Gender is not specifically a risk factor for abuse, although some studies do show females are more likely to be victims of elder abuse. According to the NEAIS, females were disproportionately represented as victims in cases of emotional, physical, and financial abuse, as well as in cases of neglect. Males were overrepresented in cases of abandonment, which was also the least prevalent form of abuse.

Orthopaedic relationship to elder abuse
As orthopaedic surgeons, we are in a unique position to identify elder abuse and should be familiar with its signs. Multiple fractures, especially those at different points in the healing process, are a common indication of abuse. Other elder abuse injuries include bruises, sprains, fractures, abrasions, and burns; often there is a delay between the occurrence of the injury and the visit to the physician.

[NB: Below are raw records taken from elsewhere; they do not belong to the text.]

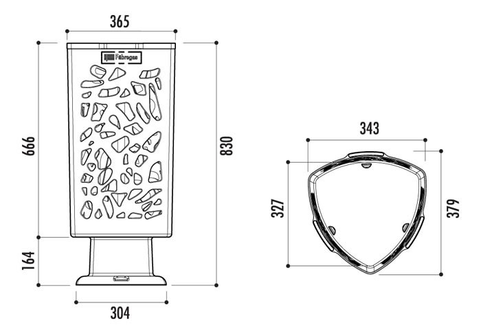 Elle mesure 830 mm de haut, avec une base de 304 mm de large et une ouverture triangulaire de 343 mm sur 379 mm.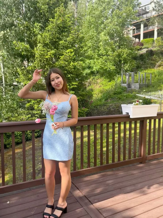 Modest Sheath Spaghetti Straps Light Sky Blue Sequin Short Mini Formal 8th Grade Homecoming Dresses Middle School Short Cocktail Gowns Graduation Dress Hoco Outfits DH2027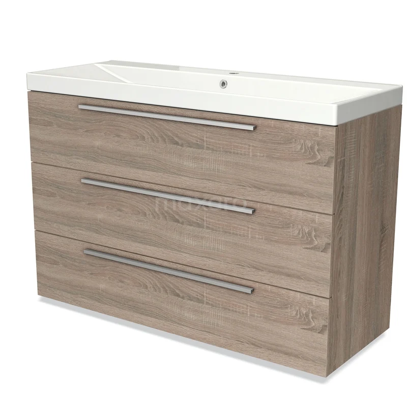Modulo Vanity units with basin | 120 cm Oak Flat front Ceramic 3 drawers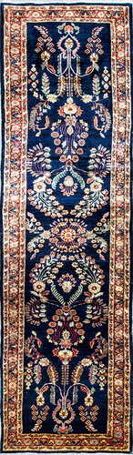 The blue field woven with flowering fan palmettes extending to a central floral spray and flower-filled urns within rust flowering palmette and vine border by blue and ivory guard borders. The source of this important provenance has been in the village of Sarouk. North of Arak (formerly Sultanabad). Sarouks are known to be of high quality. The pile is usually higher than the average Persian rug and therefore Sarouks are rather heavy and solid rugs, the wool being used is high quality durable wool. "Mohajeran" or "Mahajeran" is the name of a village West of Arak. About 80-100 years ago American companies ordered relatively fine Mahal rugs with higher pile Western influenced designs which today are also called "Sarouk Mohajeran", "Sultanabad" or "Sarouk Mahal".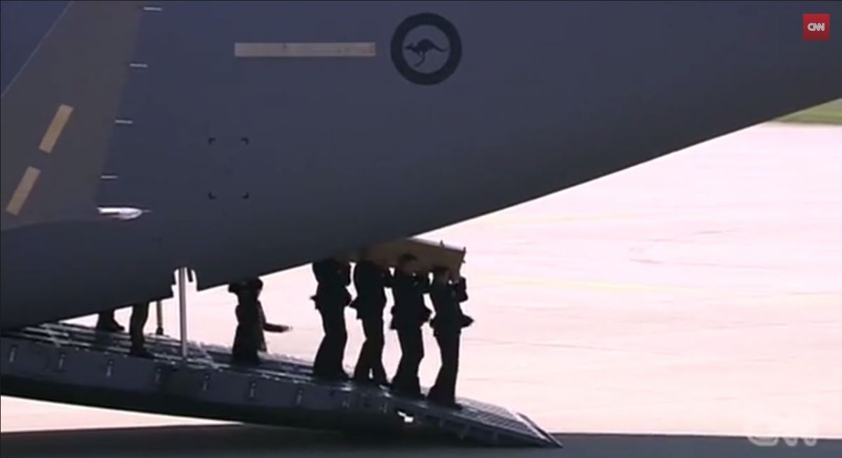 The bodies carried out of the C-17 military aircraft were encased in blank caskets without national identification, to illustrate the shared grief of all nations involved. The procession was accompanied by a rendition of “The Last Post”.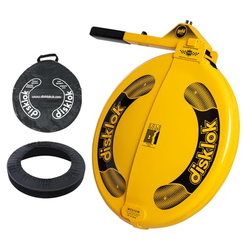Disklok Gold Security Edition Combo Pack Car Steering Wheel Cover Anti-Angle Grinder Anti-Theft Lock Police Approved Inc. Bag & Cover (Yellow, Medium 39cm - 44cm)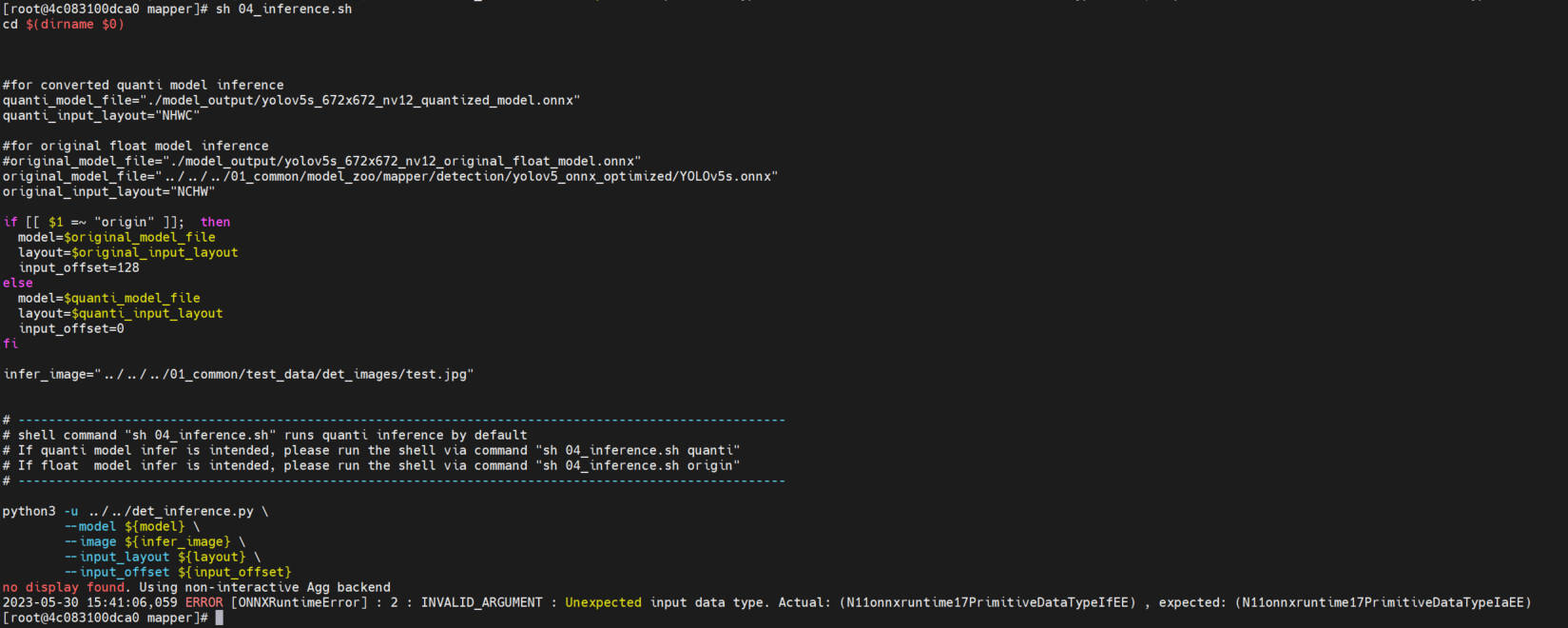 我是也考虑过是输入数据问题,但用官方的示例也报同样的错,今天我又分别试了官方的yolov3和fcos,都在执行04的时候报了同样的错,以前我这个环境一直都是正常的。请您帮忙想一下环境中是否有哪些参数的设置会导致这样的报错呢,我也在看一下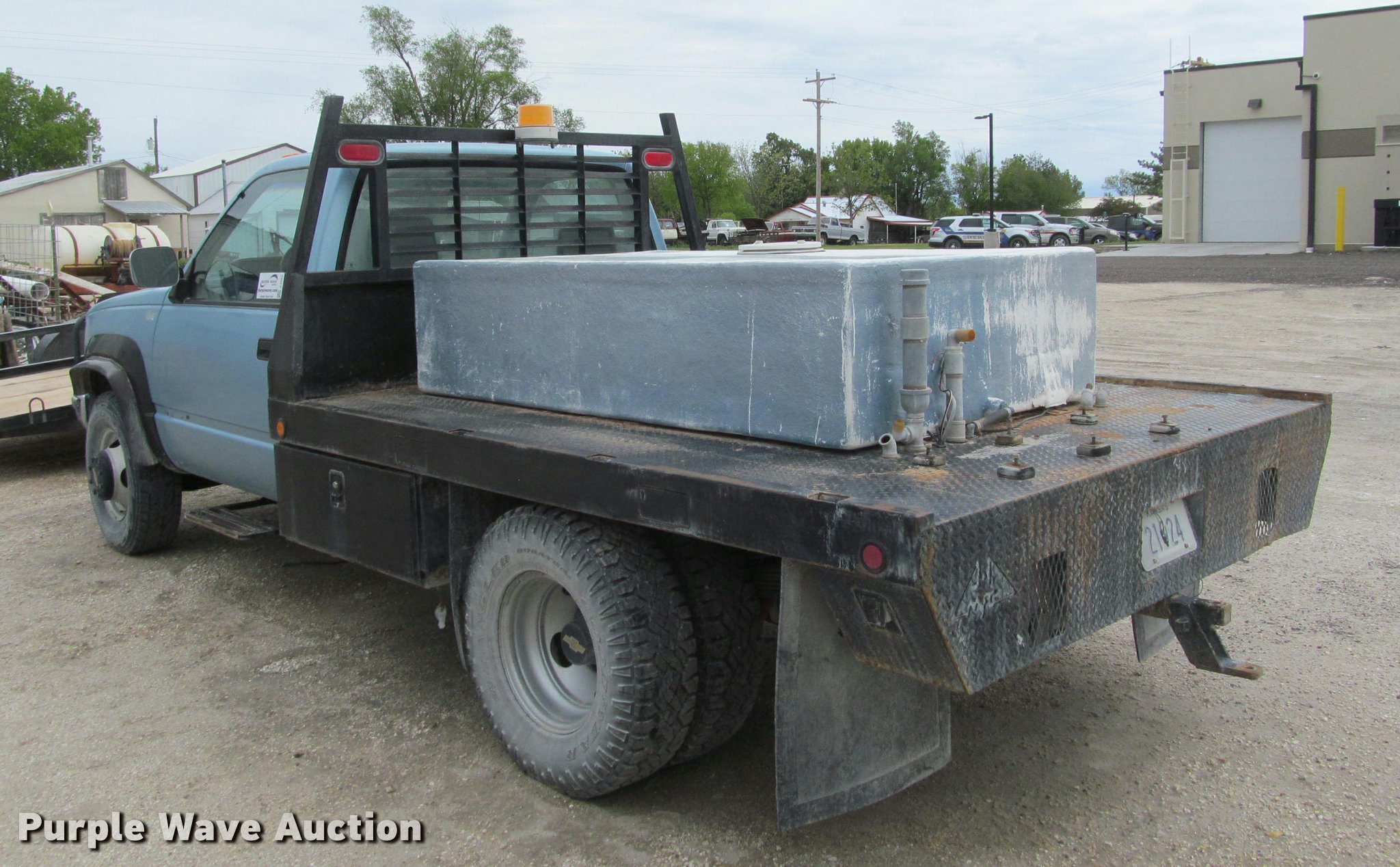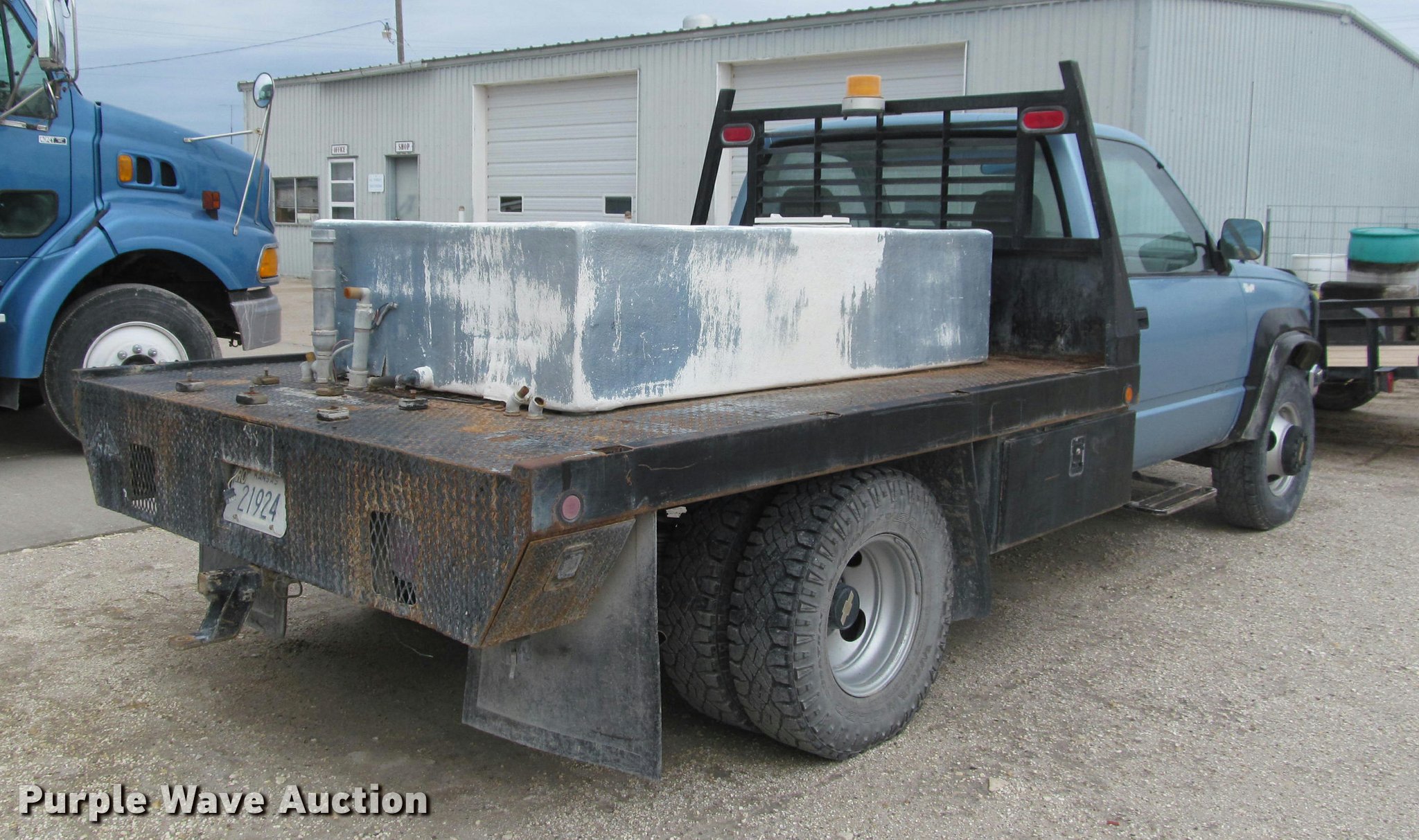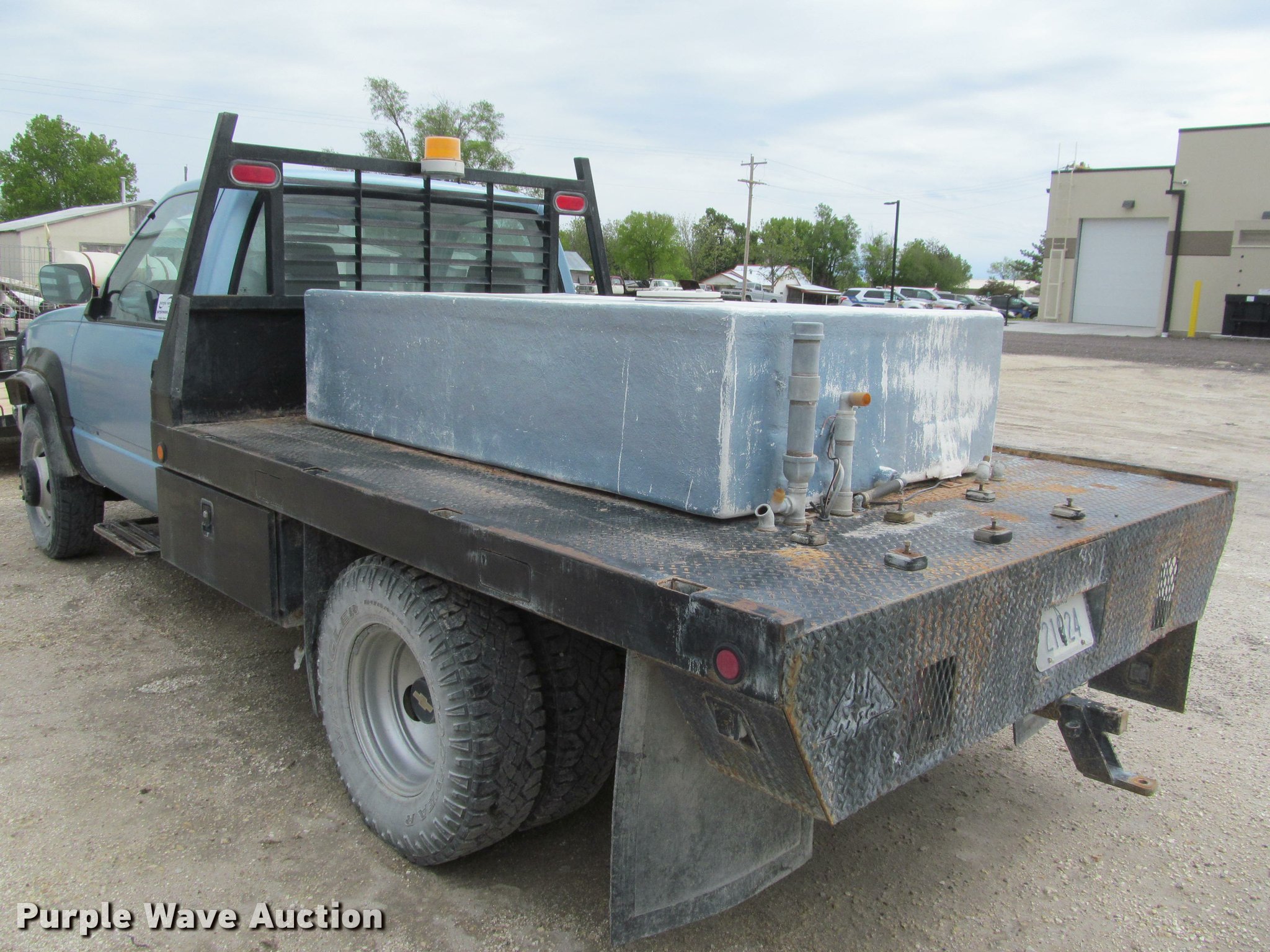 Purple Wave is selling a used 3/4 or 1 Ton Pickup or Van in Kansas. This item is a 1991 Chevrolet 3500 flatbed pickup truck with the following: 219,721 miles on odometer, 6.2L V8 OHV 16V diesel engine, Automatic transmission, Four wheel drive, AC and heat, Tilt, Cruise, AM/FM, Manual windows and locks, Cloth interior, Front tow hooks, Westin grill guard, 9'L x 86"W flatbed, Toolbox, 78"L x 4'W fiberglass tank, Receiver hitch, Trailer wiring, 235/85R16 tires, Reverse gear inoperable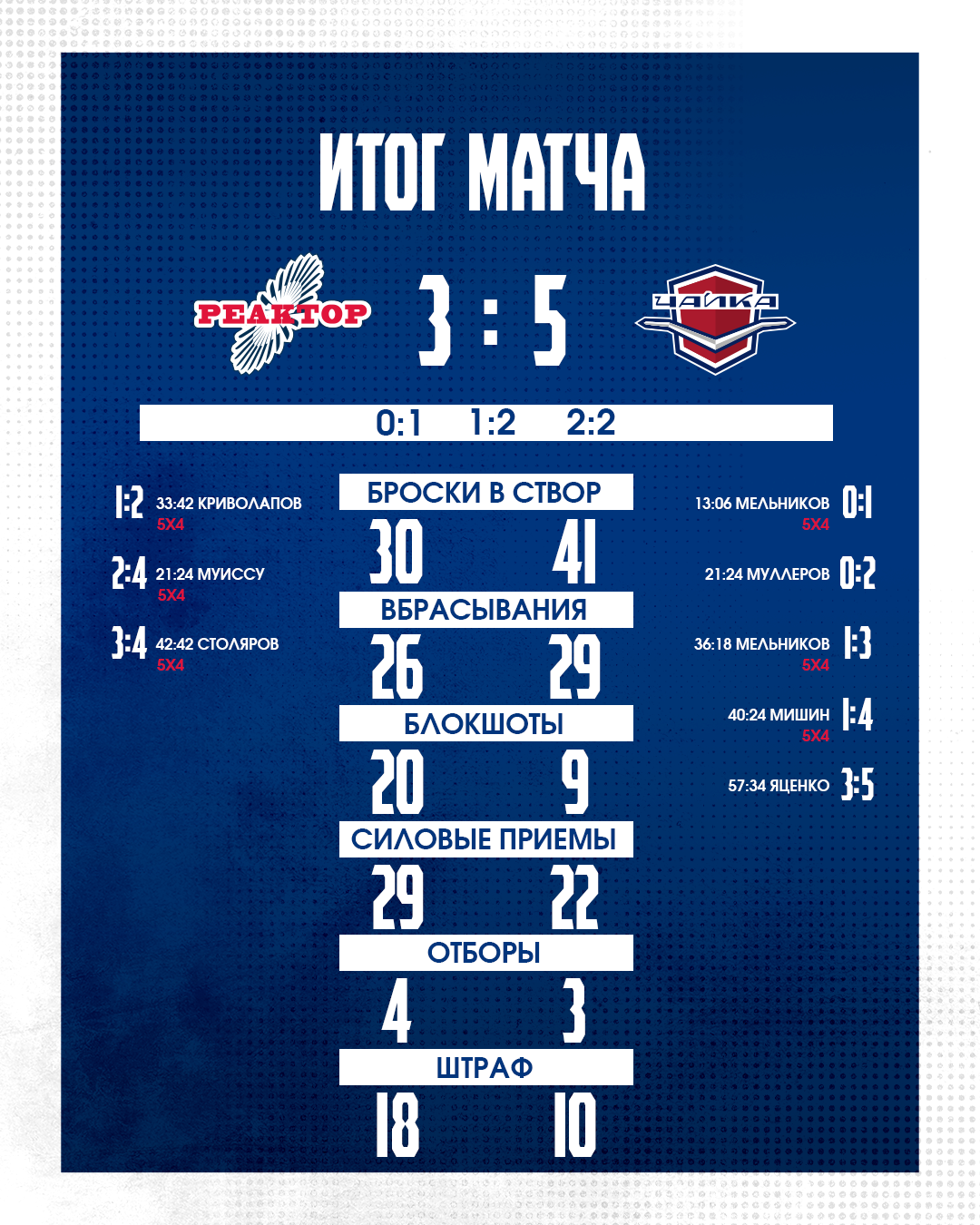 Заключительный период снова начался с пропущенного гола в меньшинстве, но надо отдать должное нижнекамцам. Они смогли проявить характер и чуть больше, чем за минуту дважды реализовали большинство. Отличились Жоэ Кристоф Муиссу и Кирилл Столяров. Казалось, еще немного и счет станет равным, но «реакторщиков» подвела серия удалений, а когда она завершилась, то уже оставалось совсем немного времени, да еще и нижегородцы смогли реализовать одну из своих контратак. 3:5 — довольно обидное поражение.

Vague explanations of the injury or disparities in the histories given by the patient and the suspected abuser may also suggest abuse.

Does the injury correspond to the mechanism of injury reported by the patient? If the stated mechanism for a musculoskeletal injury is not consistent with the actual injury, this may be a case of elder abuse and deserving of further inquiry.

Older individuals may experience “spontaneous” fractures due to osteoporosis or other conditions that may be mistaken for elder abuse. Physicians must therefore first rule out the possibility that an injury is the result of low-energy activities of daily living (such as moving a nonambulatory patient from the bed to a commode), before concluding that patient has sustained an abusive injury.

Orthopedic surgeons who suspect elder abuse should, if possible, interview the patient separately from the suspected abuser. Studies on IPV suggest that it is helpful to introduce the subject of abuse by framing it as a problem the physician has seen before. For example, the physician may say, “I have seen other patients with similar injuries who were the victims of abuse. Did someone you know give you this injury?”

Unfortunately, it may be difficult to interview the patient alone because the elder patient may be dependent on the suspected abuser for communication. Physical examinations, complemented by photo documentation, are helpful in identifying abuse. These exams and tests should be performed in addition to, or in absence of, a patient interview if abuse is suspected.

Reporting elder abuse
Although hospitals may have different protocols for reporting elder abuse, all states except Colorado and South Dakota require physicians to report cases of elder abuse. Physicians who suspect elder abuse can report it to social workers at their hospital or to an outside adult protection services (APS) agency. APS agencies are available 24/7 to take calls from mandated reporters.

The NCEA, which partners with the National Adult Protective Services Association (NAPSA) to provide protection to vulnerable elders, is a valuable resource regarding reporting elder abuse. The NCEA website (www.ncea.aoa.gov) includes state-specific abuse laws and telephone numbers to local APS agencies. Depending on the state, these agencies may provide anonymity to physicians who report cases so as not to interfere with the medical relationship between doctor and patient. The site also includes information on regional ombudsman programs that communicate between abuse agencies and elder care facilities on behalf of abuse victims.

Avery E. Michienzi attends the University of Minnesota. Julie A. Switzer, MD, is an assistant professor of orthopaedic surgery at the University of Minnesota and a member of the AAOS Women’s Health Issues Advisory Board.

Putting sex in your orthopaedic practice
This quarterly column from the AAOS Women’s Health Issues Advisory Board and the Ruth Jackson Orthopaedic Society provides important information for your practice about issues related to sex (determined by our chromosomes) and gender (how we present ourselves as male or female, which can be influenced by environment, families and peers, and social institutions). It is our mission to promote the philosophy that male and female patients experience and react to musculoskeletal conditions differently; when it comes to patient care, surgeons should not have a one-size-fits-all mentality.